START Data records

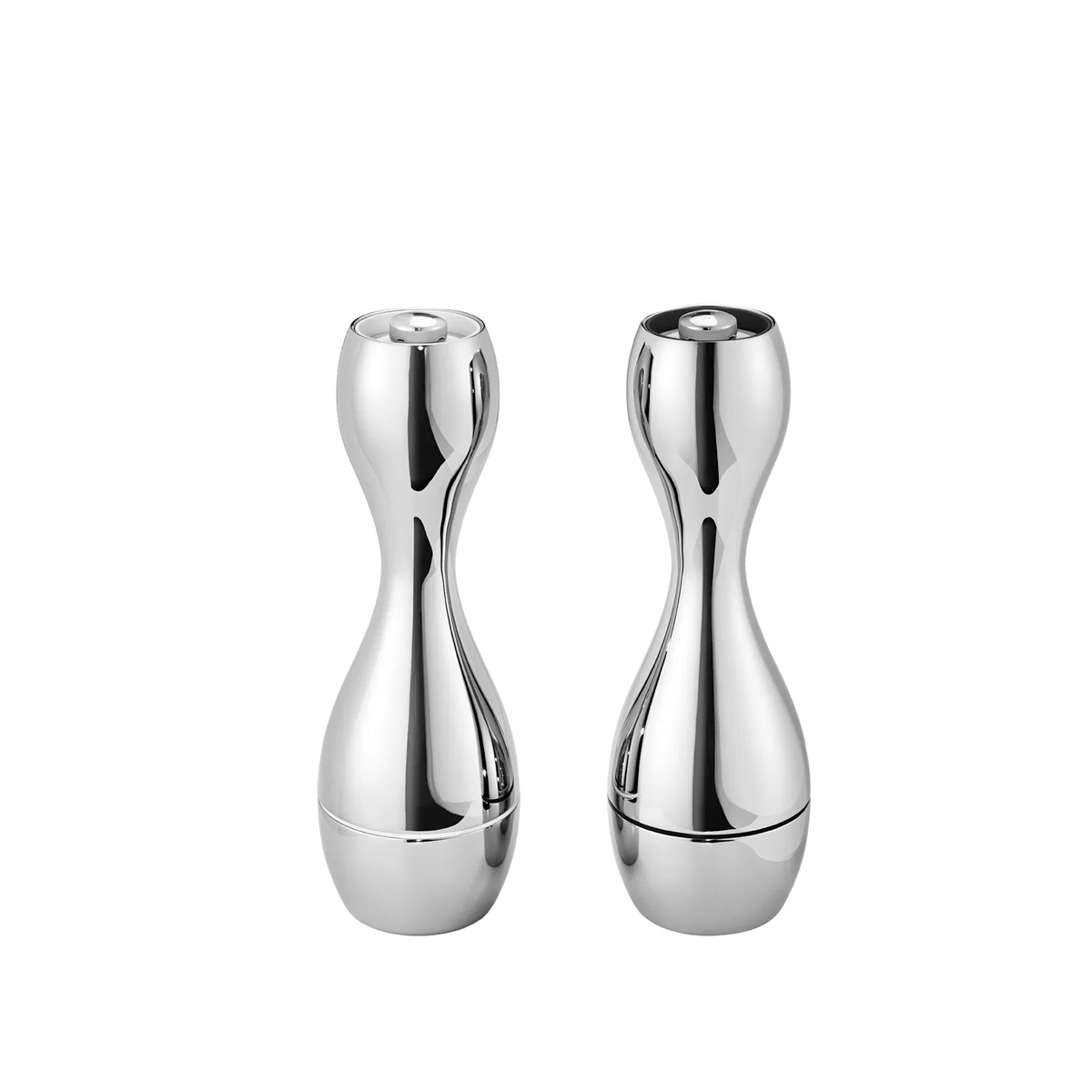Das aus zwei ergonomischen und organisch geformten Formen bestehende Salz- und Pfeffermühlen-Set aus Edelstahl ist ein schöne Ergänzung auf dem Tisch. Die Stücke liegen beim Gebrauch angenehm in den Händen und das Mahlwerk ist oben positioniert, sodass keine Salz- und Pfefferreste auf dem Tisch zurückbleiben. Die Cobra Kollektion von Wohnaccessoires und Haushaltsgegenständen ist eine der bekanntesten Kollektionen von Georg Jensen.
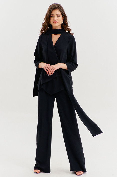 Комплект, состоящий из блузки и брюк. Блузка свободного кроя с фигурной линией низа. Спинка с наклонным швом с цельнокроеной планкой. Перед на запах, ассиметричный. Правый перед с воротником апаш, по борту вставлен широкий пояс. Левый перед с воротником шаль с длинным отлетным краем. По левому переду настрочена шлевка. По плечу, с правой стороны настрочена шлевка для отлетного края воротника. Застежка на петли и пуговицы. Рукава одношовные, втачные, длиной 3/4. Брюки длинные, широкие. По задним половинкам талиевые вытачки. По передним половинкам односторонние складки, боковые карманы и застежка на тесьму-«молнию» с гульфиком и откоском. Брюки на притачном поясе, по спинке с резинкой. По поясу вставлены шлевки.
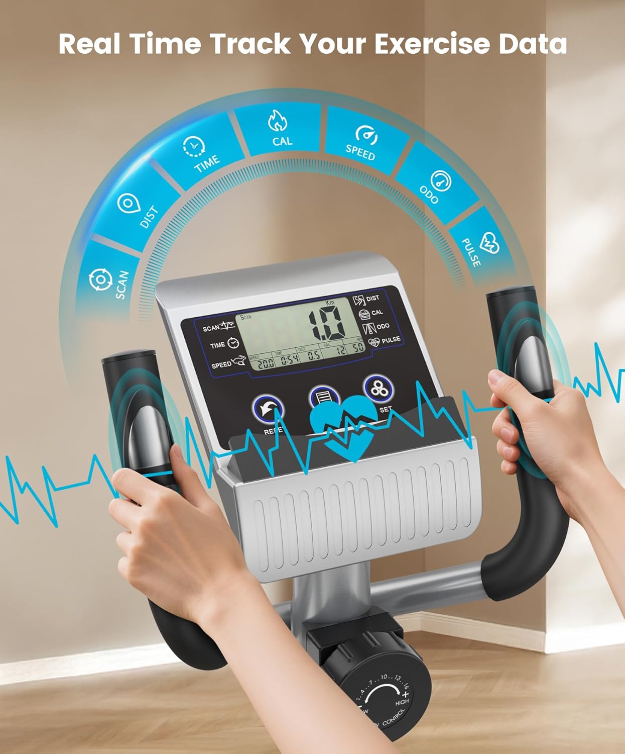 【LCD Performance Monitor】 Track your progress in real-time with clear displays for Scan, Time, Speed, Distance, Calories, Pulse, and Odometer (ODO). Use the data to fine-tune your workouts and achieve your fitness goals effectively
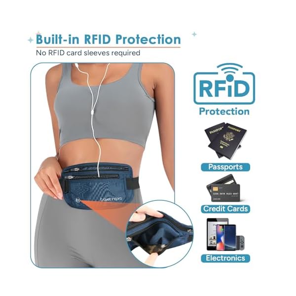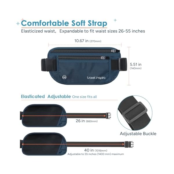 travel inspira RFID Blocking Travel Money Belt with Anti-Thief Zip – Slim Passport Holder and Travel Pouch to Secure Cash, Cards, and Documents (Navy Blue)
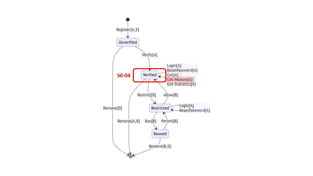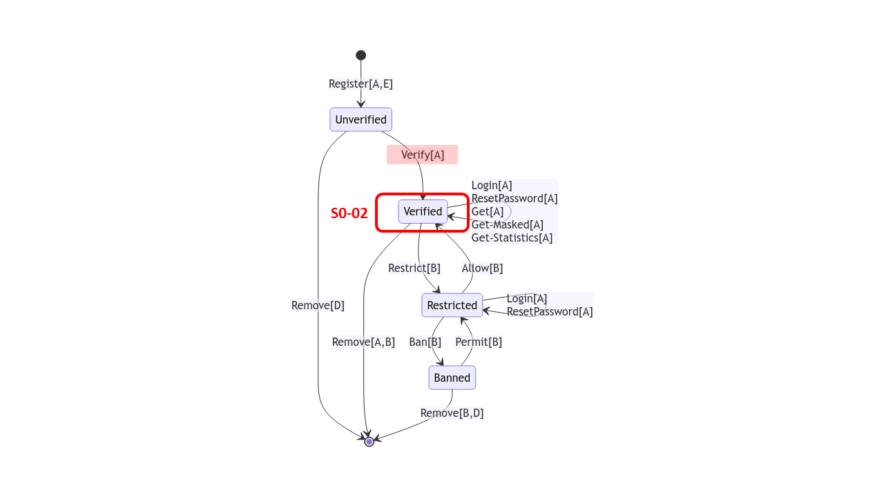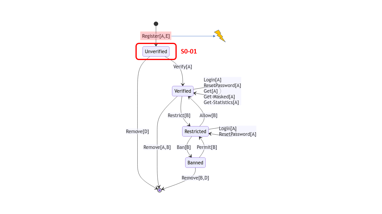 初始狀態是會員資料尚未建立的情況,因此這動作前的狀態應該是 created, 按照情境表的標示應該走 register 這操作,並且會到達完成狀態 unverified,操作的對象是 A-會員本人。從狀態機來看,的確存在這條路徑,並且角色也都符合,這步驟驗證通過。
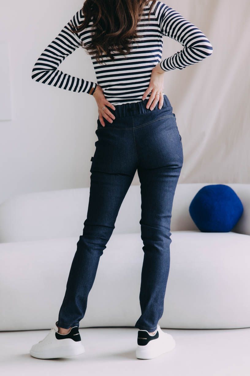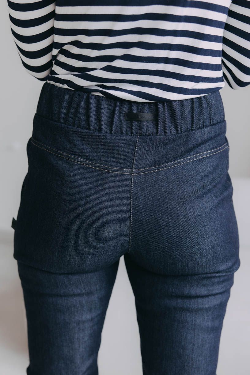 Materiál je jemne pružný, preto odporúčame venovať pozornosť uvedeným mieram. Látka je odolnejšia, nekrčí sa a nezráža a má nepatrne tmavší odtieň, než iné denimové kúsky z našich dielní.
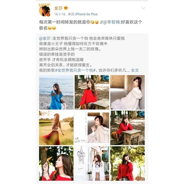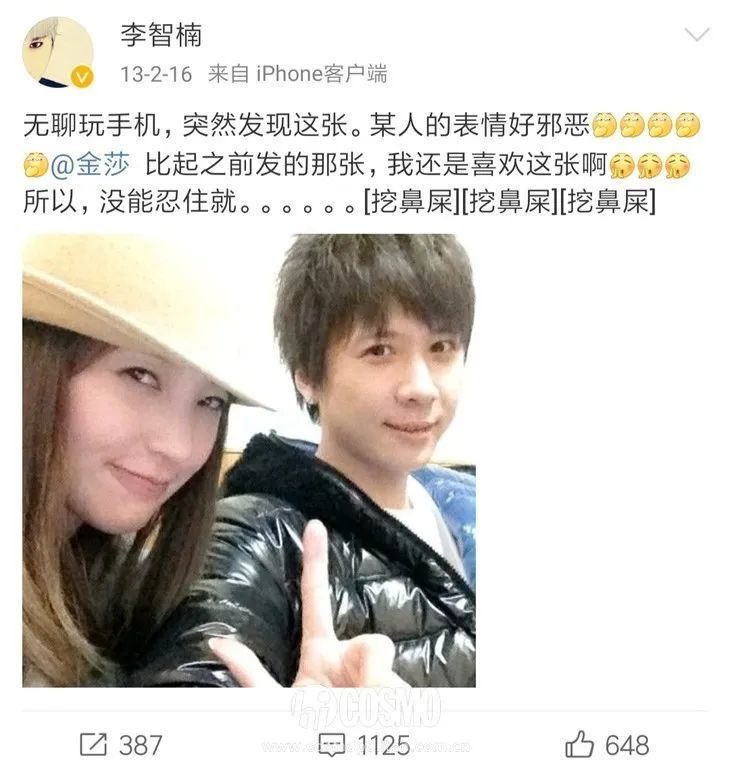 他俩之间保存着一种默契,每当金莎发新歌时,李智楠一定是第一时间转发的。
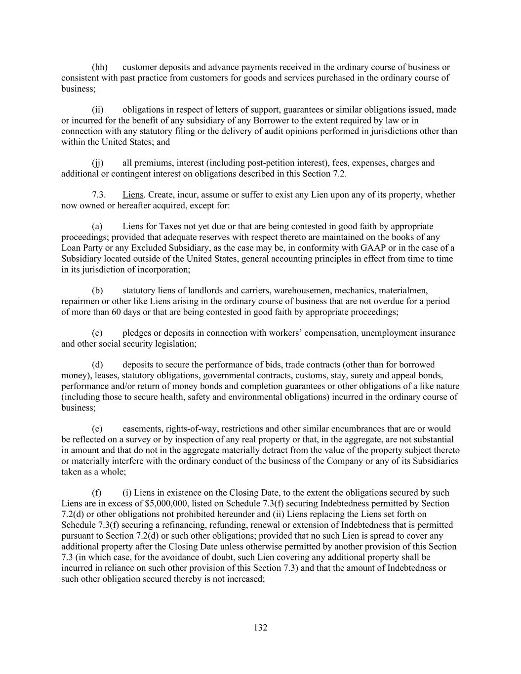 132 (hh) customer deposits and advance payments received in the ordinary course of business or consistent with past practice from customers for goods and services purchased in the ordinary course of business; (ii) obligations in respect of letters of support, guarantees or similar obligations issued, made or incurred for the benefit of any subsidiary of any Borrower to the extent required by law or in connection with any statutory filing or the delivery of audit opinions performed in jurisdictions other than within the United States; and (jj) all premiums, interest (including post-petition interest), fees, expenses, charges and additional or contingent interest on obligations described in this Section 7.2. 7.3. Liens. Create, incur, assume or suffer to exist any Lien upon any of its property, whether now owned or hereafter acquired, except for: (a) Liens for Taxes not yet due or that are being contested in good faith by appropriate proceedings; provided that adequate reserves with respect thereto are maintained on the books of any Loan Party or any Excluded Subsidiary, as the case may be, in conformity with GAAP or in the case of a Subsidiary located outside of the United States, general accounting principles in effect from time to time in its jurisdiction of incorporation; (b) statutory liens of landlords and carriers, warehousemen, mechanics, materialmen, repairmen or other like Liens arising in the ordinary course of business that are not overdue for a period of more than 60 days or that are being contested in good faith by appropriate proceedings; (c) pledges or deposits in connection with workers’ compensation, unemployment insurance and other social security legislation; (d) deposits to secure the performance of bids, trade contracts (other than for borrowed money), leases, statutory obligations, governmental contracts, customs, stay, surety and appeal bonds, performance and/or return of money bonds and completion guarantees or other obligations of a like nature (including those to secure health, safety and environmental obligations) incurred in the ordinary course of business; (e) easements, rights-of-way, restrictions and other similar encumbrances that are or would be reflected on a survey or by inspection of any real property or that, in the aggregate, are not substantial in amount and that do not in the aggregate materially detract from the value of the property subject thereto or materially interfere with the ordinary conduct of the business of the Company or any of its Subsidiaries taken as a whole; (f) (i) Liens in existence on the Closing Date, to the extent the obligations secured by such Liens are in excess of $5,000,000, listed on Schedule 7.3(f) securing Indebtedness permitted by Section 7.2(d) or other obligations not prohibited hereunder and (ii) Liens replacing the Liens set forth on Schedule 7.3(f) securing a refinancing, refunding, renewal or extension of Indebtedness that is permitted pursuant to Section 7.2(d) or such other obligations; provided that no such Lien is spread to cover any additional property after the Closing Date unless otherwise permitted by another provision of this Section 7.3 (in which case, for the avoidance of doubt, such Lien covering any additional property shall be incurred in reliance on such other provision of this Section 7.3) and that the amount of Indebtedness or such other obligation secured thereby is not increased;

END Data records

Action item:
Copy only this from above: the line containing "travel inspira RFID", the line containing "他俩之间保存着一种默契,每当金莎发新歌时,李智楠一定是第一时间转发的。", and all lines between, printed exactly. Leave out the pictures.

Task output:
 travel inspira RFID Blocking Travel Money Belt with Anti-Thief Zip – Slim Passport Holder and Travel Pouch to Secure Cash, Cards, and Documents (Navy Blue)
 初始狀態是會員資料尚未建立的情況,因此這動作前的狀態應該是 created, 按照情境表的標示應該走 register 這操作,並且會到達完成狀態 unverified,操作的對象是 A-會員本人。從狀態機來看,的確存在這條路徑,並且角色也都符合,這步驟驗證通過。
 Materiál je jemne pružný, preto odporúčame venovať pozornosť uvedeným mieram. Látka je odolnejšia, nekrčí sa a nezráža a má nepatrne tmavší odtieň, než iné denimové kúsky z našich dielní.
 他俩之间保存着一种默契,每当金莎发新歌时,李智楠一定是第一时间转发的。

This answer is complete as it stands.